Ituo looks good, whole web site is sold out, but looks like they have positioned their product half way between "cheap chinese", and "expensive chinese north american branded".


----------



## C.M.S (Aug 28, 2009)

SJDude said:


> Would you mind defining "thermal step down" for me? I'm not sure what you mean.
> 
> Something like the overtemp protection causes the lights to dim automatically if you aren't going fast enough to keep airflow over the cooling fins at higher power outputs? (insert head scratching emoji)
> 
> Ituo looks good, whole web site is sold out, but looks like they have positioned their product half way between "cheap chinese", and "expensive chinese north american branded".


Yes, light dims down when it gets to hot and brightens back up when cooled again through air flow .
Gemini lights do it very harsh , dims down to 10% all at once rather than gradule step down like a gloworm would .
Not a big issue if you live in colder climate fall-/winter


----------



## tigris99 (Aug 26, 2012)

SJ,

Ituo Facebook says all lights are either in stock or will be middle next week. Im working on the review for their XP4 now, but that won't be available for a few weeks yet.

As for step down, Gemini just drops a ton of output at once. Ituo and glowworm have a linear program that just slightly dials back the power so it's almost unnoticeable while riding unless you spend enough time going slow that it cuts all the way down to about 40% iirc. But as you start moving faster the light will automatically start powering itself back up as the head cools.

Glowworm works very well in this regard, Ituo is a bit faster to respond to picking up speed and head cooling(so light starts to brighten a little faster). But both thermal management systems from either brand works well. Much better than Gemini or any other budget priced brands.
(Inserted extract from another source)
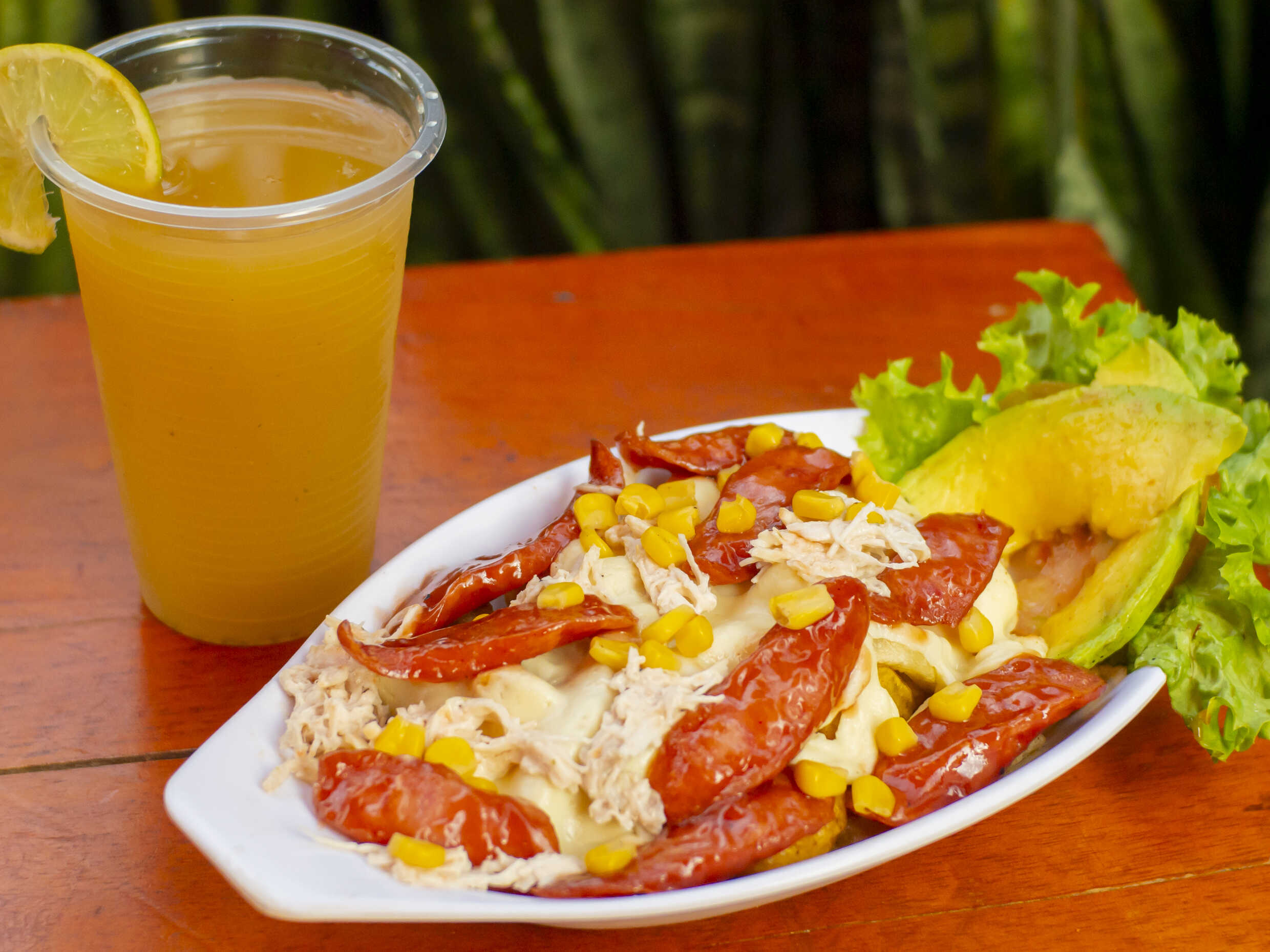 Salchicha americana, papa amarilla, papa francesa, papa chis, maíz, pollo, queso crema, cuadros de piña, queso semi salado, salsas
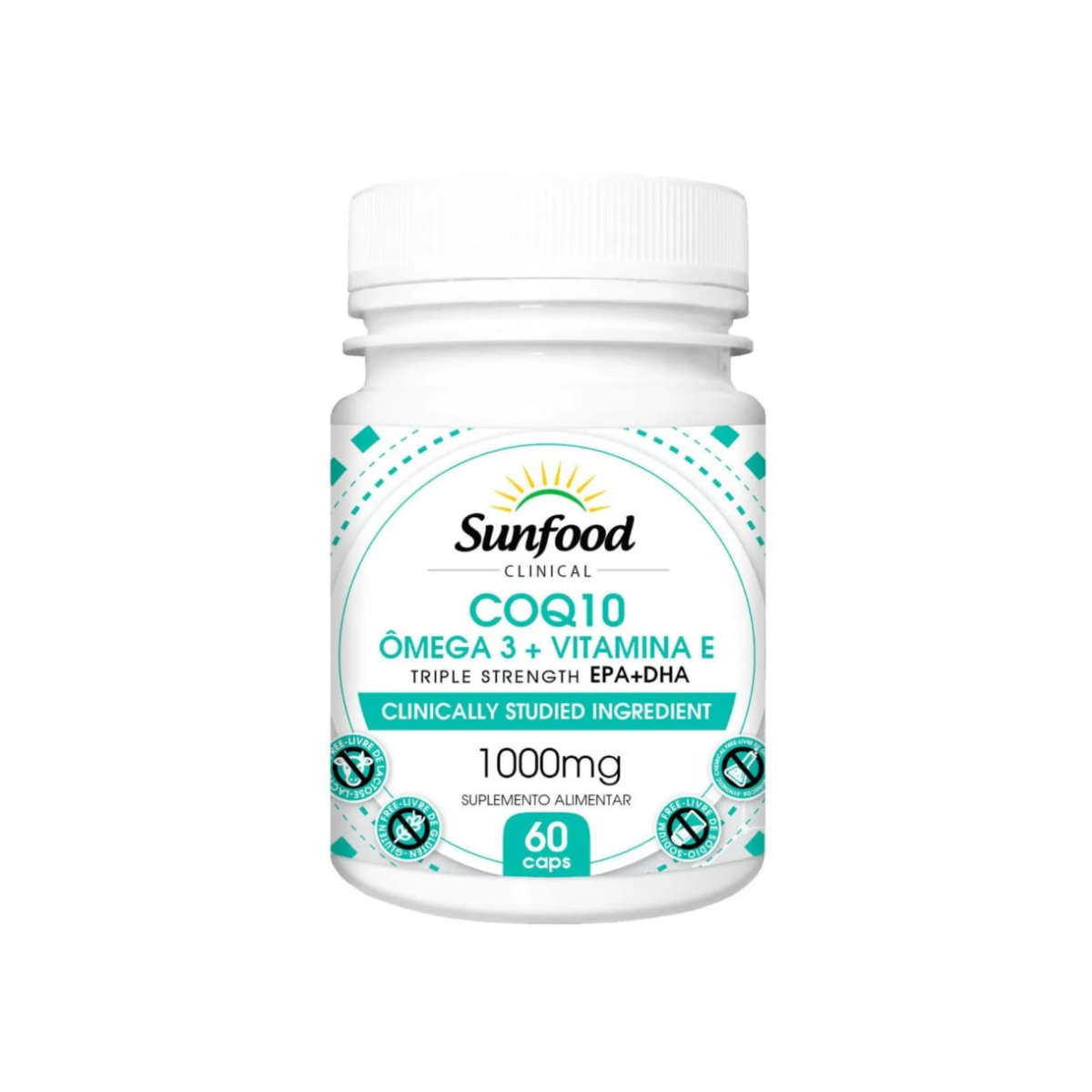 Pote com 60 cápsulas gelatinosas de Q10 + ômega 3 e Vitamina E - Sunfood

Sent from my XT1565 using Tapatalk


----------



## SJDude (Oct 29, 2009)

This item is currently out of stock but more are on the way. USB lights back in stock 9/30, XP series back in stock 10/5-10/7

All of the lights from your link tigris say this, I'll check back, they look like nice lights, as long as they ship to Canada. They are now saying $189 USD, I think which is $250 CAD, only $50 cheaper than the Olympia which has a wireless remote and roughly the same claimed lumens. Has anybody tested the Ituo actual output?

I hear you on the thermal cut out. Having it plummet to 10% mid air or on a blind corner could be catastrophic. We're going to start needing fan cooled fins soon.


----------



## tigris99 (Aug 26, 2012)

That's the "out of stock" message that posts when things run out.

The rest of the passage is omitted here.